Nelle ultime settimane lo ha fatto la Banca Europea per la Ricostruzione e lo Sviluppo (BERS). confermato un nuovo prestito di 6.2 milioni di euro alla Compagnie Générale des Industries Alimentaires (COGIA) per contribuire a rafforzare il settore dell'olivicoltura nel paese.

COGIA, uno dei maggiori produttori alimentari del paese, utilizzerà quei fondi per promuovere la produzione, l'imbottigliamento e le esportazioni.

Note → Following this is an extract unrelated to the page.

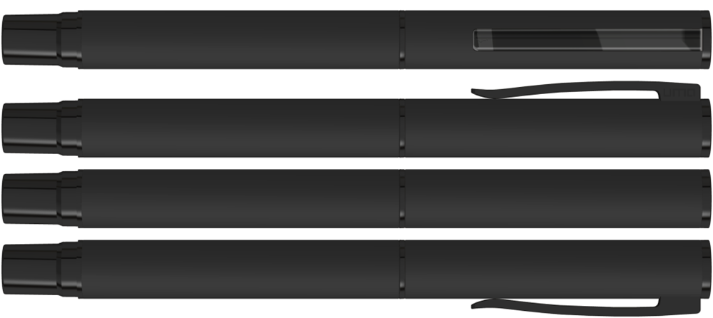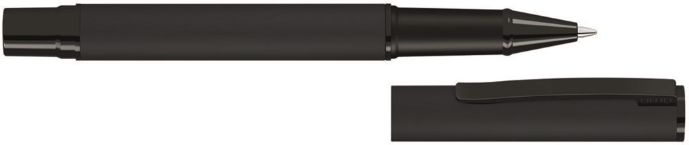 Metall-Rollerball mit Softtouch-Gehäuse und gefedertem Metallclip. Beschlagteile schwarz glänzend lackiert.
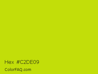 Hex #c2de09 Color is a normal yellow color and the nearest color is Fuego #bede0d. Hex code #c2de09 and RGB value is rgb(194,222,9). In RGB color space, this color is composed of 76% red, 87% green, 4% blue, In CMYK color space, this color is composed of 13% cyan, 0% magenta, 96% yellow , 13% black , In HSL color space, this color has a hue angle of 68° , 92% saturation and 45% lightness.

A sostegno delle esportazioni del paese, ci sono sei progetti finanziati dalla BERS per l'olivicoltura in Tunisia dal 2017.

Dall'inizio delle sue operazioni in Tunisia nel 2012, la BERS ha confermato di aver investito oltre 1.3 miliardi di euro in 55 progetti nel paese.

Oltre ai fondi destinati all'agricoltura locale, anche la BERS approvato un prestito di 49 milioni di euro al Ministero dell'agricoltura, delle risorse idrauliche e della pesca tunisino destinato a migliorare l'accesso alle acque di irrigazione per oltre 6,800 agricoltori e le loro famiglie.

Tali fondi aiuteranno a ripristinare i pozzi profondi e le vecchie infrastrutture idriche nelle regioni meridionali come Gabès, Gafsa, Kebili e Tozeur, le cui quasi 40 oasi sono "la principale fonte di occupazione e reddito nella regione, con l'agricoltura irrigua che fornisce posti di lavoro al 35% della popolazione attiva", ha scritto la BERS in una nota stampa.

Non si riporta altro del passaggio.